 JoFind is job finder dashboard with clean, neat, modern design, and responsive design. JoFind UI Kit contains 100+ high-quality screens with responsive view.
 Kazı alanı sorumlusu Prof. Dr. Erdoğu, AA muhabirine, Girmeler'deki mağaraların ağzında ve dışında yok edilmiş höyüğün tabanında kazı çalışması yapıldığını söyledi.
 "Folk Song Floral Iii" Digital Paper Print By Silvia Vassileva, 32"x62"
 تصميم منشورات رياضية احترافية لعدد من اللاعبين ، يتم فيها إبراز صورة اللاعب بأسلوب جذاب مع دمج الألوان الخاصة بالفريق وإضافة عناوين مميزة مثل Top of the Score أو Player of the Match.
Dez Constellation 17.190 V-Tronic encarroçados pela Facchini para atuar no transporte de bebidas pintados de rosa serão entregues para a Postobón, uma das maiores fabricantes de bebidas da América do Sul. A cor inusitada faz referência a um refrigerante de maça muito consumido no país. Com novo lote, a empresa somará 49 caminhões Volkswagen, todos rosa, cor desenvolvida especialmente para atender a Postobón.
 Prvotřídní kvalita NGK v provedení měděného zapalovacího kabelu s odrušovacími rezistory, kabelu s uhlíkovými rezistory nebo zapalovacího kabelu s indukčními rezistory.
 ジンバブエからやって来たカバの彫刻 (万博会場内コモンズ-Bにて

==

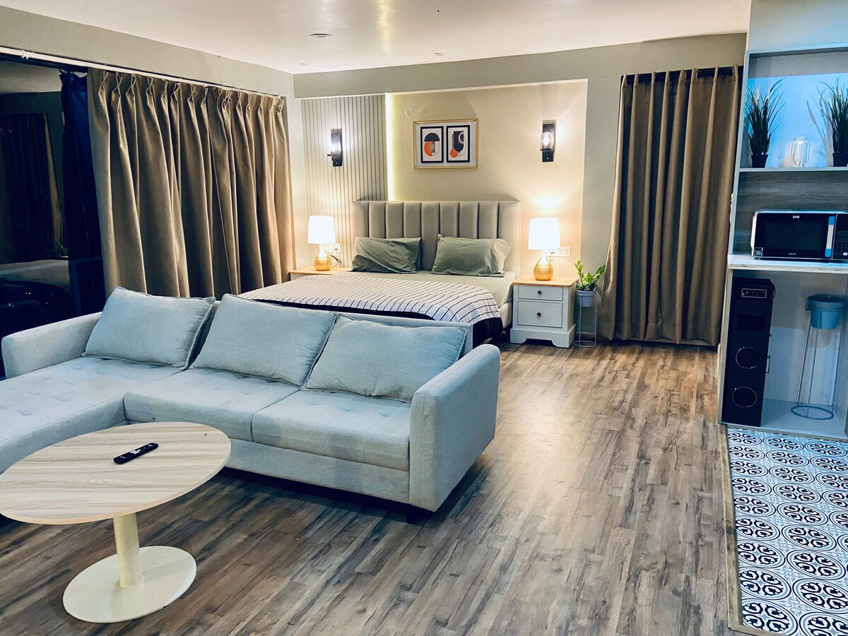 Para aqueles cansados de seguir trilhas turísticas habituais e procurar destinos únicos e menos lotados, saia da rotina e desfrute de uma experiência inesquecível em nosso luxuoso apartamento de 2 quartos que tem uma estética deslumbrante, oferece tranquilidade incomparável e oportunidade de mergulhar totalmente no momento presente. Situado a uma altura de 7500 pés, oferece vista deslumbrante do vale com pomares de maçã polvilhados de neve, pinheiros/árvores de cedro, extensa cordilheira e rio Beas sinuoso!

* * *

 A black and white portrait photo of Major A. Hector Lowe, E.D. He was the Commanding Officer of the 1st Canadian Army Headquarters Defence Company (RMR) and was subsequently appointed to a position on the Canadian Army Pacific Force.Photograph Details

## Exercise instructions
Take the stretch of lines above from the one containing "Dez Constellation 17.190" through the one containing "Prvotřídní kvalita NGK" and repeat it exactly, adding no other line.

## Answer to the problem
Dez Constellation 17.190 V-Tronic encarroçados pela Facchini para atuar no transporte de bebidas pintados de rosa serão entregues para a Postobón, uma das maiores fabricantes de bebidas da América do Sul. A cor inusitada faz referência a um refrigerante de maça muito consumido no país. Com novo lote, a empresa somará 49 caminhões Volkswagen, todos rosa, cor desenvolvida especialmente para atender a Postobón.
 Prvotřídní kvalita NGK v provedení měděného zapalovacího kabelu s odrušovacími rezistory, kabelu s uhlíkovými rezistory nebo zapalovacího kabelu s indukčními rezistory.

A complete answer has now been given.